Just for the record, here is my particular implementation that maybe is useful to other people with similar needs:
At train.py
, outside any other function or class:
@ray.remote
class RemoteThetaDummy:
def __init__(self):
self.thetas = torch.zeros(2) # A 2-d tensor in my case
def set_thetas(self, new_thetas):
print("Setting new thetas...")
print("Old thetas:", self.thetas) # To test if previous update really worked or keep being zeros
self.thetas = new_thetas
print("New thetas updated to:", self.thetas)
def get_thetas(self):
return self.thetas
Before creating the config
dictionary to pass to tune.run
, I instantiate that class:
thetas = RemoteThetaDummy.remote()
And as in my second comment on this post, I pass that reference to the NN model and environment config:
def train_rl():
thetas = RemoteThetaDummy.remote()
config = { ...
"env_config": {"theta_params": thetas}
"model": { "custom_model": "SomeCustomModel",
"custom_model_config": {'theta_params': thetas}
}
}
results = tune.run(ImpalaCustomTrainer,
config=config,
...
)
Now, to read those parameters from within the Neural Network model:
At init:
self.thetas = theta_params
At forward_rnn()
thetas = ray.get(self.thetas.get_thetas.remote())

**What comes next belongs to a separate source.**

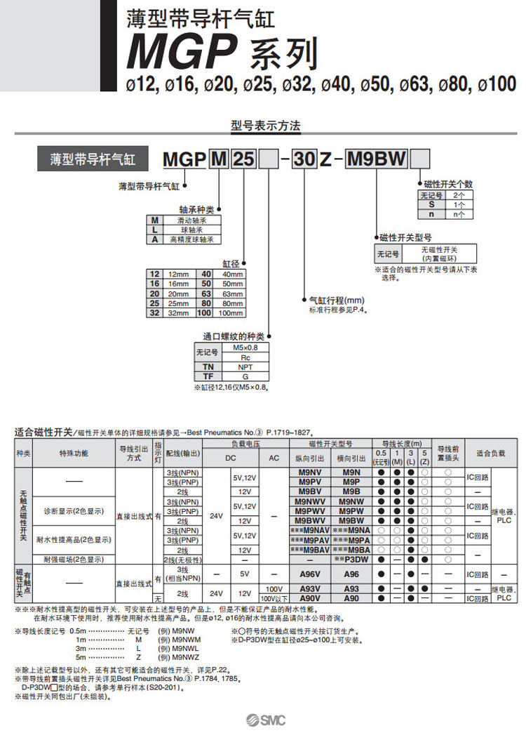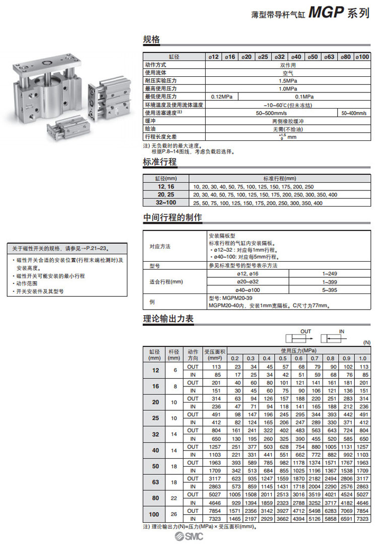 MGPM12-10,MGPL12-10,MGPA12-10,MGPM12-20,MGPL12-20,MGPA12-20,SMC薄型帶導桿氣缸

print("NN thetas:", thetas) # to test if up to date theta parameters
And finally, inside build_vtrace_loss()
at vtrace_torch_policy.py
def build_vtrace_loss(policy, model, dist_class, train_batch):
...
# Get old theta values
thetas = ray.get(policy.config['model']['custom_model_config']['theta_params'].get_thetas.remote())
# Do some computing to get updated theta parameters
thetas = thetas + 42
# Update the original theta class instance (actor)
policy.config['model']['custom_model_config']['theta_params'].set_thetas.remote(thetas)
# To test if updated parameters correspond to local ones
print("Local/global thetas:", thetas, ray.get(policy.config['model']['custom_model_config']['theta_params'].get_thetas.remote()))